Provided records:
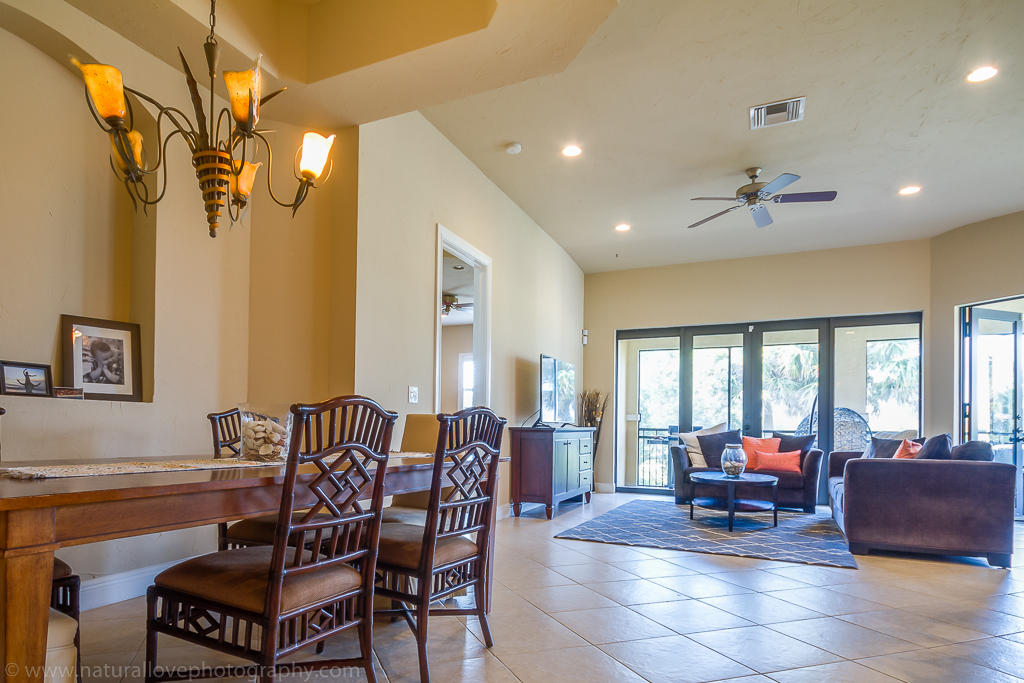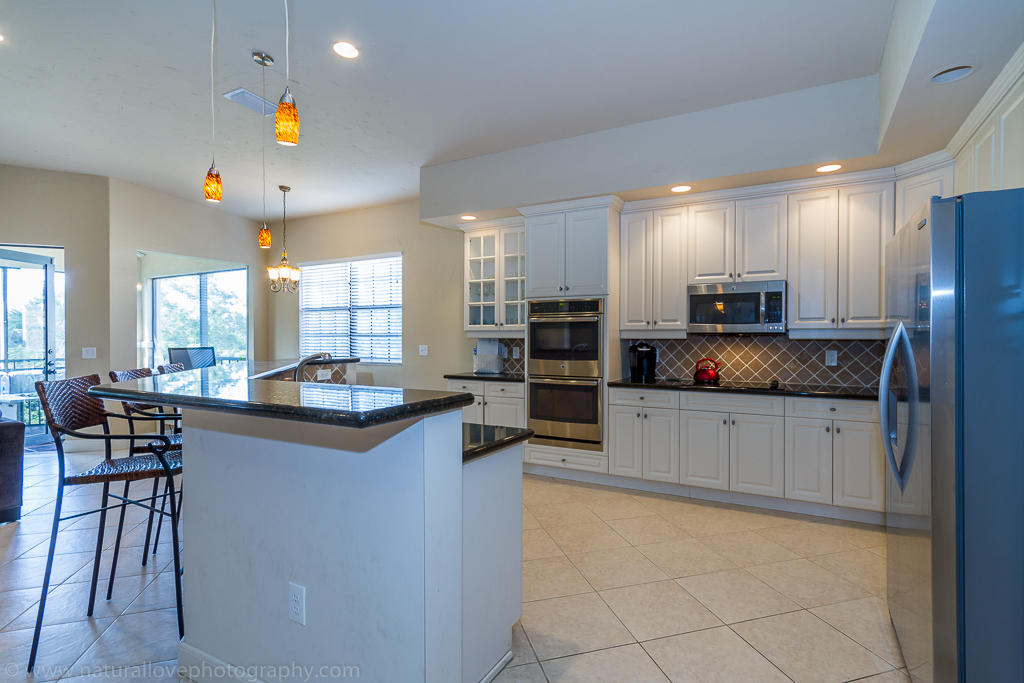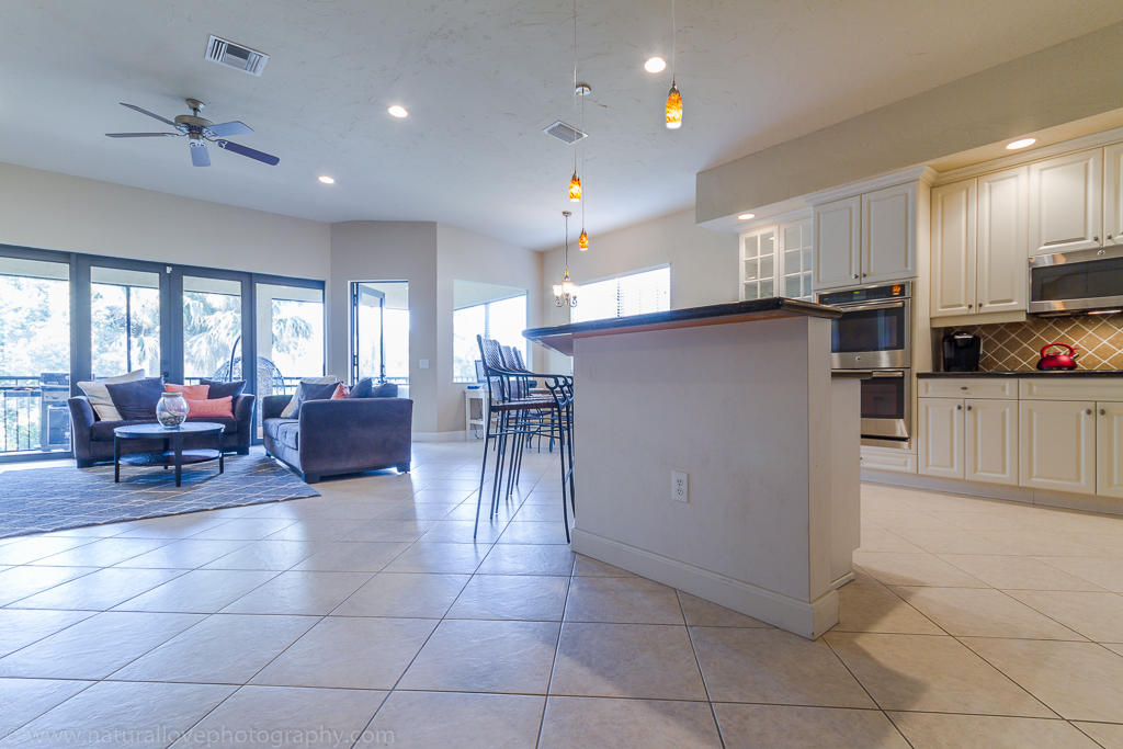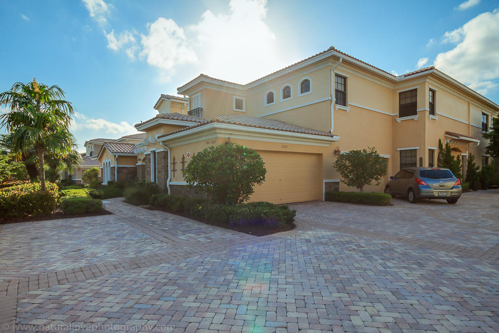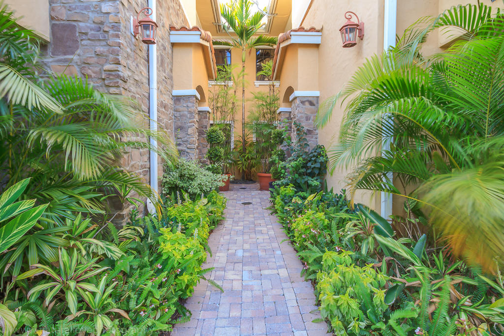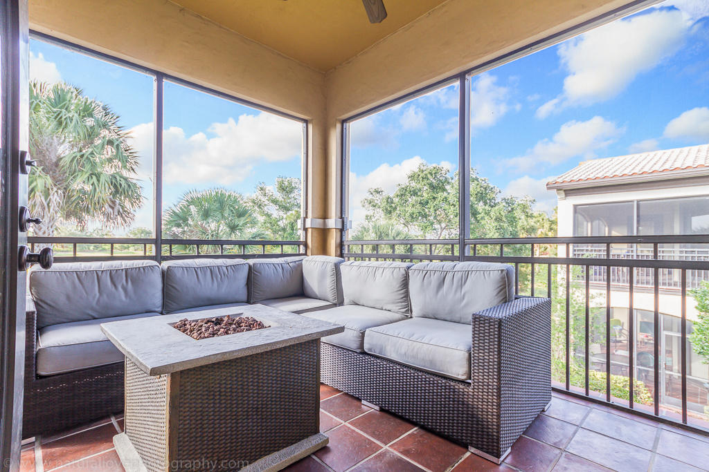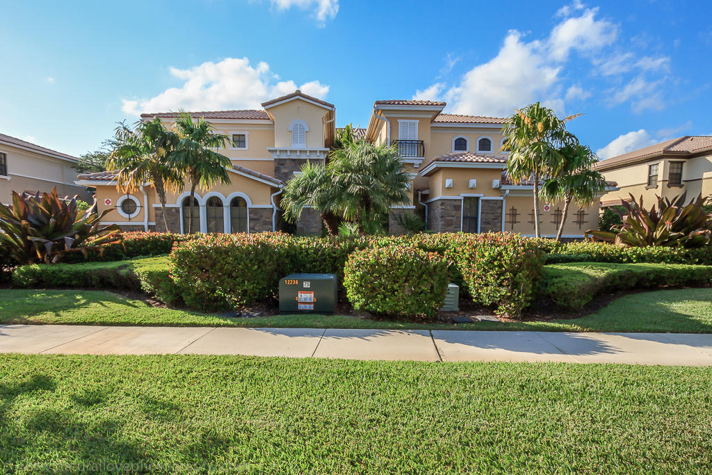 Gorgeous and immaculately maintained coach house styled condo with first floor entry and garage with either a stairway or your own private elevator to a spectacular and most sought after second floor living area comprising over 2,280 square feet with upgrades galore. The split 3-bedroom floor plan includes a 4th room, ideally suited as a private office. This desirable unit includes 10 ft. ceilings throughout with beautiful tile in the living areas and delightful carpeting in all bedrooms. The kitchen, family room and dining area are all laid out in a warm and generous open plan design creating a wonderfully spacious living space and perfectly suited for inside entertaining, or perhaps outside on the large screened enclosed patio balcony that enjoys golf course views. The spacious kitchen
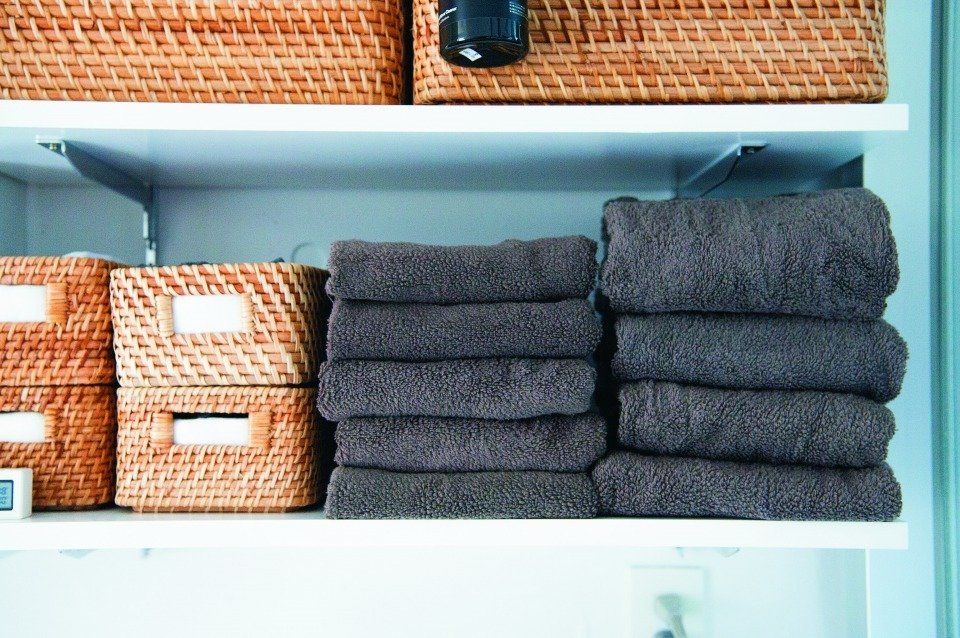 洗濯機で乾燥したタオルや下着は、すぐ上の棚に収納(宇高さん宅)
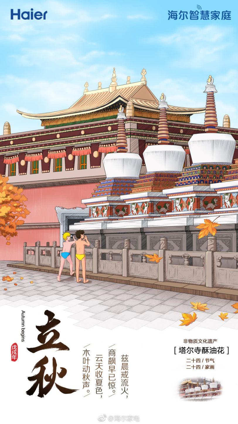此外,海爾家電與塔爾寺攜手推出海報,宣傳非物質(zhì)文化遺產(chǎn)“塔爾寺酥油花”,從傳統(tǒng)文化出發(fā),為塔爾寺宣傳的同時也增大了自身的影響力,實現(xiàn)雙贏。
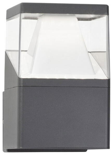 Modern stílusú, sötétszürke fali lámpa átlátszó akril búrával. Meleg fehér fényű, beépített LED fényforrást tartalmaz, mely nem cserélhető. IP54-es védelemmel rendelkezik, ami fröccsenő víz és por elleni védelmet jelent. Színvisszaadási indexe 80, világítási szöge 45 fok. Specifikációk:Gyártó: Nova Luce Cikkszám:: NL-813101 Foglalat: 1 x Beépített LED Méret
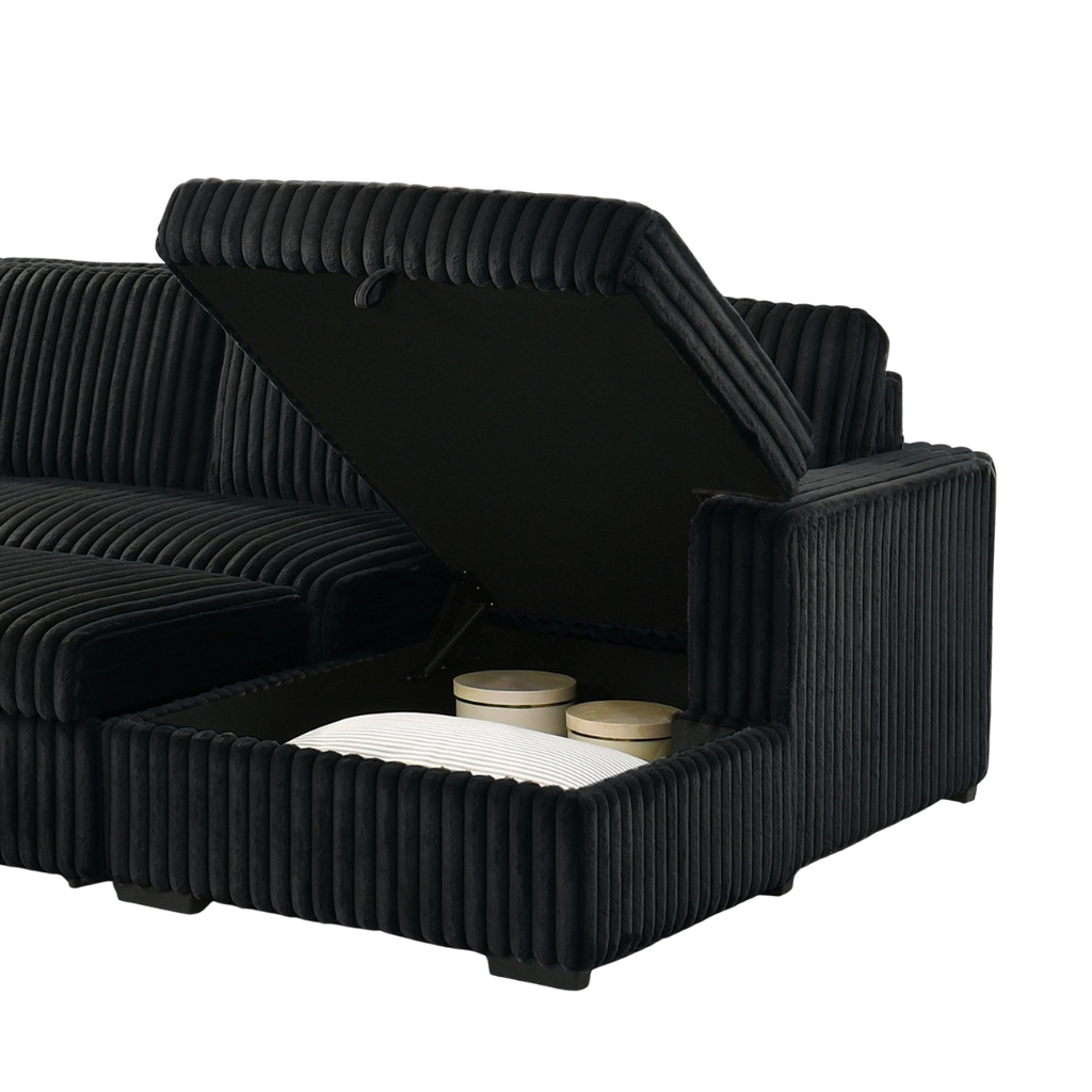 The Lirven Black offers an elevated modern look with its rich corduroy texture and wide seating profile. Plush cushions create a relaxing lounge feel, while the storage chaise keeps essentials organized.
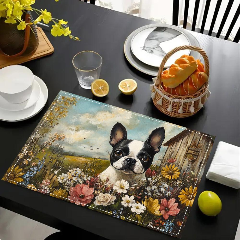 1pcs Boston Terrier Linen Placemats, Decorative Dog Design for Dining, Kitchen, Indoor Festivals, and Home Decor
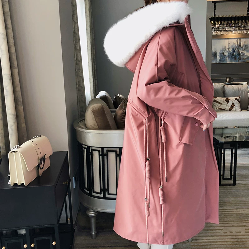 Siti màu hồng lông lớn cổ áo trắng ngỗng xuống áo khoác nữ thêu giữa dài thêu thời trang lớn áo khoác mùa thu đông - Xuống áo khoác
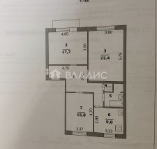 Квартира расположена на девятом этаже девятиэтажного КИРПИЧНОГО дома. Здесь вас порадует высота потолков в 2,7 метра и уютные, ПРОСТОРНЫЕ, хорошо освещённые комнаты с изолированными пространствами площадью 17,7, 22,4 и 15,8 квадратных метров.

Exercise objective: Each line of the listing above should be retyped exactly, with no pictures.

Exercise result:
 Gorgeous and immaculately maintained coach house styled condo with first floor entry and garage with either a stairway or your own private elevator to a spectacular and most sought after second floor living area comprising over 2,280 square feet with upgrades galore. The split 3-bedroom floor plan includes a 4th room, ideally suited as a private office. This desirable unit includes 10 ft. ceilings throughout with beautiful tile in the living areas and delightful carpeting in all bedrooms. The kitchen, family room and dining area are all laid out in a warm and generous open plan design creating a wonderfully spacious living space and perfectly suited for inside entertaining, or perhaps outside on the large screened enclosed patio balcony that enjoys golf course views. The spacious kitchen
 洗濯機で乾燥したタオルや下着は、すぐ上の棚に収納(宇高さん宅)
此外,海爾家電與塔爾寺攜手推出海報,宣傳非物質(zhì)文化遺產(chǎn)“塔爾寺酥油花”,從傳統(tǒng)文化出發(fā),為塔爾寺宣傳的同時也增大了自身的影響力,實現(xiàn)雙贏。
 Modern stílusú, sötétszürke fali lámpa átlátszó akril búrával. Meleg fehér fényű, beépített LED fényforrást tartalmaz, mely nem cserélhető. IP54-es védelemmel rendelkezik, ami fröccsenő víz és por elleni védelmet jelent. Színvisszaadási indexe 80, világítási szöge 45 fok. Specifikációk:Gyártó: Nova Luce Cikkszám:: NL-813101 Foglalat: 1 x Beépített LED Méret
 The Lirven Black offers an elevated modern look with its rich corduroy texture and wide seating profile. Plush cushions create a relaxing lounge feel, while the storage chaise keeps essentials organized.
 1pcs Boston Terrier Linen Placemats, Decorative Dog Design for Dining, Kitchen, Indoor Festivals, and Home Decor
 Siti màu hồng lông lớn cổ áo trắng ngỗng xuống áo khoác nữ thêu giữa dài thêu thời trang lớn áo khoác mùa thu đông - Xuống áo khoác
 Квартира расположена на девятом этаже девятиэтажного КИРПИЧНОГО дома. Здесь вас порадует высота потолков в 2,7 метра и уютные, ПРОСТОРНЫЕ, хорошо освещённые комнаты с изолированными пространствами площадью 17,7, 22,4 и 15,8 квадратных метров.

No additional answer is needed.